Related form questions

  • Unique study name and abbreviation

  • Study description

A key data organizing unit in the portal is the Study. Associated with a Study is:

  • a description of the cohort or model system the data has or will be generated from

  • summaries of the methods used to generate the data (think about this as the similar type of information you would write for a well written Materials and Methods section in a paper)

  • the data itself

  • associated metadata

  • an acknowledgment statement that users of the data will be requested to put in manuscripts and presentations

Data generated through a grant may be grouped into one or multiple studies. The EL DMCC will work with you to determine if data from your grant should be grouped into one or multiple studies based on the information in the data contribution survey.

A complete study description provides a summary of the cohort or model system your data comes from and includes:

  1. A Descriptive Study Name: This should be a short descriptive sentence.

    1. Example - “The Mount Sinai Brain Bank study”.

  2. A Study Name Abbreviation: This should be an abbreviation of the descriptive study name and will be used to annotate all content belonging to a specific study.

    1. Example - “MSBB”.

  3. A Study Description: Describe the human cohort(s) or model system(s) the data comes from. Add links or references for additional information if available. Include additional details relevant to the specified cohort or model system, as detailed in the examples below.

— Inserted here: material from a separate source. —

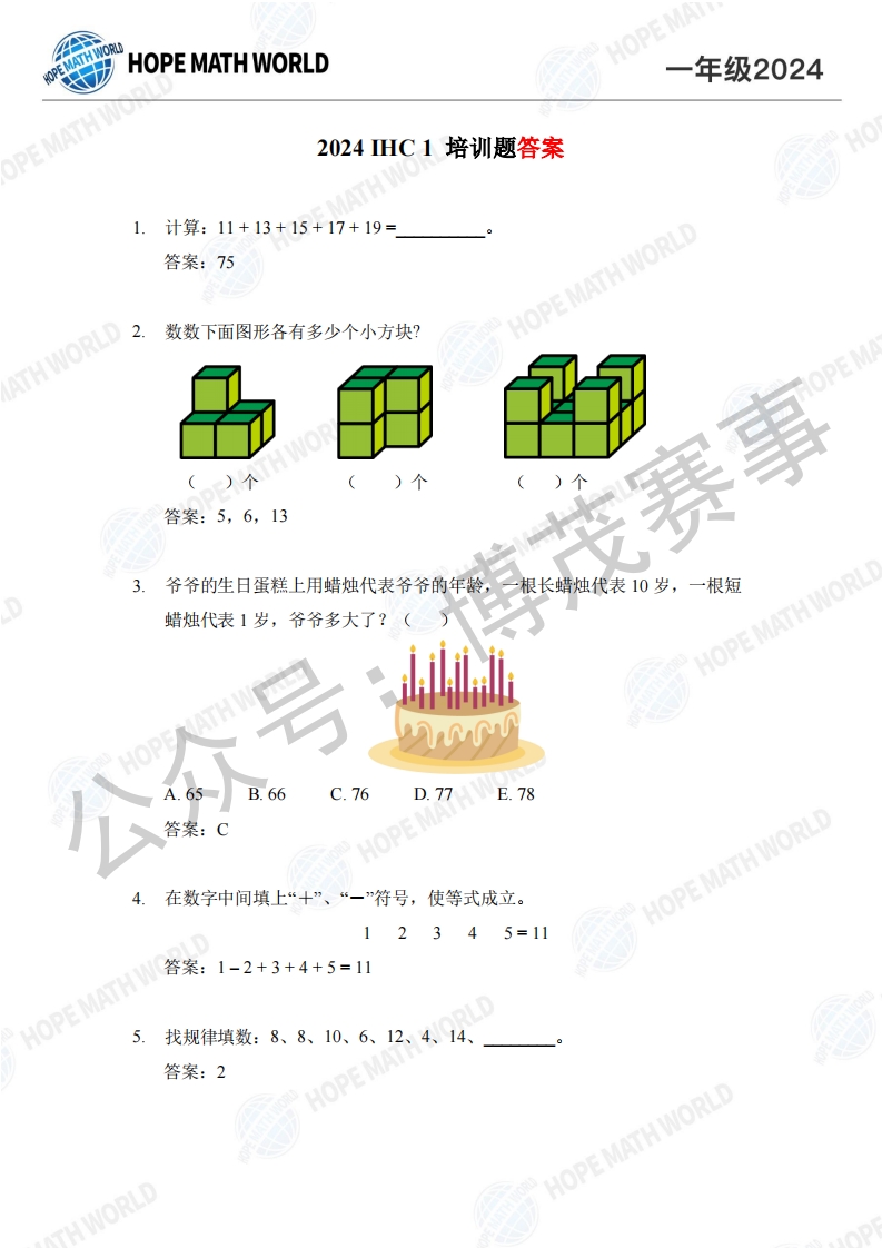 首页小学数学一年级2024培训题1年级-答案版希望杯

Study Description example: Human cohort

⚠️ Include the study type (randomized controlled study, prospective observational study, case-control study, or post-mortem study), disease focus, diagnostic criteria, and inclusion/exclusion criteria of study participants. For post-mortem studies include the tissue bank name(s).

Brain specimens were obtained from the Mount Sinai/JJ Peters VA Medical Center Brain Bank (MSBB) which holds over 1,700 samples. This cohort was assembled after applying stringent inclusion/exclusion criteria and represents the full spectrum of disease severity. Neuropathological assessments are performed according to the Consortium to Establish a Registry for Alzheimer's Disease (CERAD) protocol and include assessment by hematoxylin and eosin, modified Bielschowski, modified thioflavin S, and anti-β amyloid (4G8), anti-tau (AD2) and anti-ubiquitin (Daka Corp.). Each case is assigned a Braak AD-staging score for progression of neurofibrillary neuropathology. Quantitative data regarding the density of neuritic plaques in the middle frontal gyrus, orbital frontal cortex, superior temporal gyrus, inferior parietal cortex and calcarine cortex are also collected as described . Clinical dementia rating scale (CDR) and mini–mental state examination (MMSE) severity tests are conducted for assessment of dementia and cognitive status. Final diagnoses and CDR scores are conferred by consensus. Based on CDR classification , subjects are grouped as no cognitive deficits (CDR = 0), questionable dementia (CDR = 0.5), mild dementia (CDR = 1.0), moderate dementia (CDR = 2.0), and severe to terminal dementia (CDR = 3.0–5.0). Covariates including demographic and neuropathological data were collected on the samples used for this project including postmortem interval, race, age of death, clinical dementia rating, clinical neuropathology diagnosis, CERAD, Braak, sex, and a series of neuropathological variables. See the Mount Sinai cohort of large-scale genomic, transcriptomic and proteomic data in Alzheimer's disease for a detailed description of the study and the data.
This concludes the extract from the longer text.